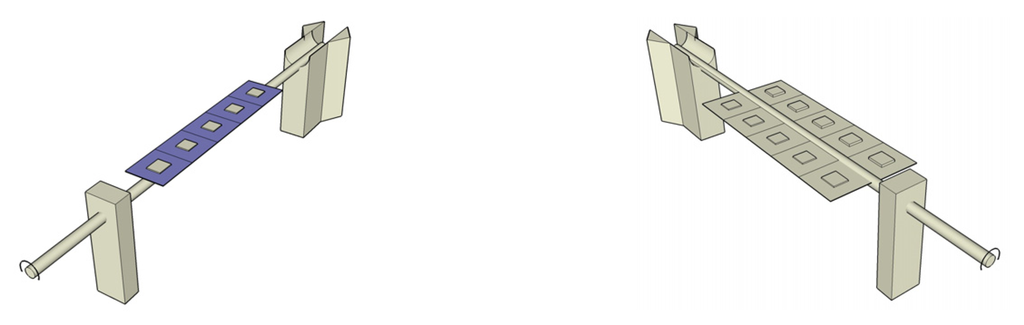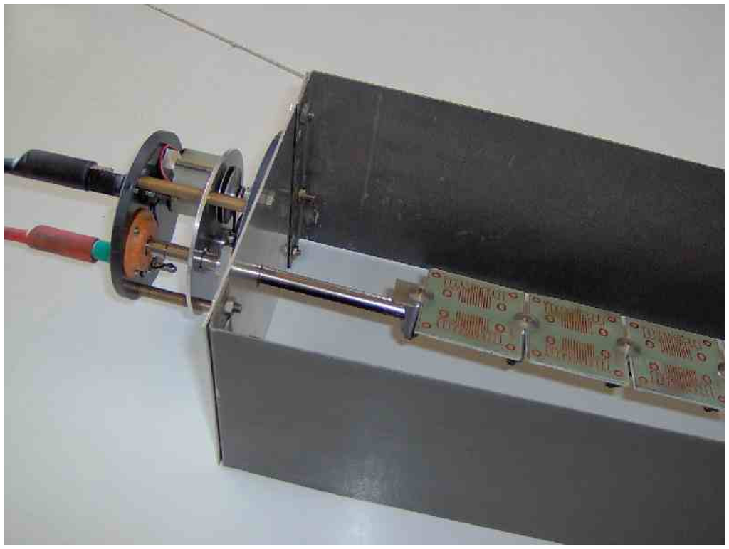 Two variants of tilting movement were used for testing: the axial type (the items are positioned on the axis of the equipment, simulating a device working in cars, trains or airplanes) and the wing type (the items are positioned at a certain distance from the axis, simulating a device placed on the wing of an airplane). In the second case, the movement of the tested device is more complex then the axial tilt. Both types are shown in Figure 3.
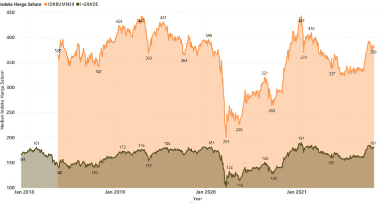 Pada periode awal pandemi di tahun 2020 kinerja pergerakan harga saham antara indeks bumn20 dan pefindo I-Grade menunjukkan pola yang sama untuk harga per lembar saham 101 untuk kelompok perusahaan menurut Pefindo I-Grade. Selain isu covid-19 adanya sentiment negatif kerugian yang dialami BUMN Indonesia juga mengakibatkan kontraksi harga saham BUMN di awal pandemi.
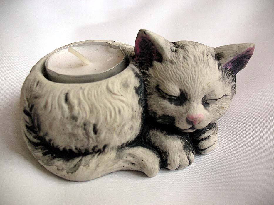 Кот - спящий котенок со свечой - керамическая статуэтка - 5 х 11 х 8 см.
※
Task: Reproduce the data word for word, excluding its pictures.

Solution to this problem:
 Two variants of tilting movement were used for testing: the axial type (the items are positioned on the axis of the equipment, simulating a device working in cars, trains or airplanes) and the wing type (the items are positioned at a certain distance from the axis, simulating a device placed on the wing of an airplane). In the second case, the movement of the tested device is more complex then the axial tilt. Both types are shown in Figure 3.
 Pada periode awal pandemi di tahun 2020 kinerja pergerakan harga saham antara indeks bumn20 dan pefindo I-Grade menunjukkan pola yang sama untuk harga per lembar saham 101 untuk kelompok perusahaan menurut Pefindo I-Grade. Selain isu covid-19 adanya sentiment negatif kerugian yang dialami BUMN Indonesia juga mengakibatkan kontraksi harga saham BUMN di awal pandemi.
 Кот - спящий котенок со свечой - керамическая статуэтка - 5 х 11 х 8 см.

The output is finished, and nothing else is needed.